= Impressionism in music =

Movement in Western classical music

Impressionism in music was a movement among various composers in Western classical music (mainly during the late 19th and early 20th centuries) whose music focuses on mood and atmosphere, "conveying the moods and emotions aroused by the subject rather than a detailed tone‐picture". "Impressionism" is a philosophical and aesthetic term borrowed from late 19th-century French painting after Monet's Impression, Sunrise. Composers were labeled Impressionists by analogy to the Impressionist painters who use starkly contrasting colors, effect of light on an object, blurry foreground and background, flattening perspective, etc. to make the observer focus their attention on the overall impression.

The most prominent feature in musical Impressionism is the use of "color", or in musical terms, timbre, which can be achieved through orchestration, harmonic usage, texture, etc.
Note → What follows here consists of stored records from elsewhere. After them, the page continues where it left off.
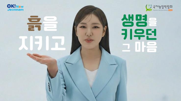 영상 속에서 송가인 특유의 구수한 어투와 따뜻한 눈빛으로 ‘대한민국 농업, 세계로 가야죠!’, ‘전남도 나주에서 만나요~!’라고 외치는 모습은 국내외 관람객의 이목을 집중시키기에 충분하다.
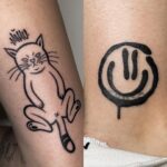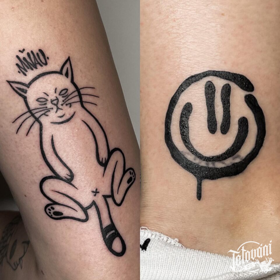 Tetování zvířata kočky, symboly smajlík na lýtko
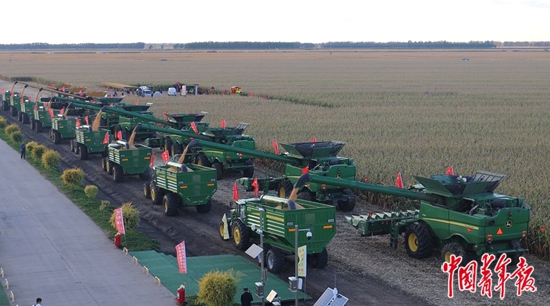 友谊农场“万亩大地号”上的秋收场景。中青报·中青网见习记者 李思摄

Other elements of musical Impressionism also involve new chord combinations, ambiguous tonality, extended harmonies, use of modes and exotic scales, parallel motion, extra-musicality, and evocative titles such as “Reflets dans l'eau”
(“Reflections on the water”), “Brouillards” (“Mists”), etc.

==History==
Claude Debussy and Maurice Ravel are two leading figures in Impressionism, though Debussy rejected this label (in a 1908 letter to Jacques Durand he wrote "imbeciles call [what I am trying to write in Images] 'impressionism', a term employed with the utmost inaccuracy, especially by art critics who use it as a label to stick on Turner, the finest creator of mystery in the whole of art!") and Ravel displayed discomfort with it, at one point claiming that it could not be adequately applied to music at all. Debussy's Impressionist works typically "evoke a mood, feeling, atmosphere, or scene" by creating musical images through characteristic motifs, harmony, non-diatonic scales (e.g., whole-tone and pentatonic scales), instrumental timbre, large unresolved chords (e.g., 9ths, 11ths, 13ths), parallel motion, ambiguous tonality, chromaticism, heavy use of the piano pedals, and other elements. “The perception of Debussy’s compositional language as decidedly post-romantic/Impressionistic—nuanced, understated, and subtle—is firmly solidified among today’s musicians and well-informed audiences." Some Impressionist composers, Debussy and Ravel in particular, are also labeled as symbolist composers. One trait shared with both aesthetic trends is "a sense of detached observation: rather than expressing deeply felt emotion or telling a story"; as in symbolist poetry, the normal syntax is usually disrupted and individual images that carry the work's meaning are evoked.

In 1912, the French composer Ernest Fanelli (1860–1917) received significant attention and coverage in the Parisian press following a performance of a symphonic poem he wrote in 1886, titled Thèbes, incorporating elements associated with Impressionism, such as extended chords and whole-tone scales. Ravel was unimpressed by Fanelli's novelties, maintaining that these were already utilized by past composers such as Franz Liszt. He also opined that Fanelli's Impressionism stemmed from Hector Berlioz rather than Liszt or Russian composers.

Other composers linked to Impressionism include Lili Boulanger, Isaac Albéniz, Frederick Delius, Paul Dukas, Alexander Scriabin, Manuel de Falla, John Alden Carpenter, Ottorino Respighi, Albert Roussel, Karol Szymanowski, Charles Tomlinson Griffes, and Federico Mompou. The Finnish composer Jean Sibelius is also associated with Impressionism, and his tone poem The Swan of Tuonela (1893) predates Debussy's Prélude à l'après-midi d'un faune (regarded as a seminal work of musical Impressionism) by a year. The American composer Howard Hanson also borrowed from both Sibelius and Impressionism generally in works such as his Second Symphony.

== Characteristics ==
One of the most important tools of musical Impressionism was the tensionless harmony. The dissonance of chords was not resolved, but was used as timbre. These chords were often shifted parallel. In the melodic field the whole tone scale, the pentatonic and modal scales were used. The melodics were characterized by their circular melodic movements. The timbre became the stylistic device of Impressionism instead of concise themes or other traditional forms.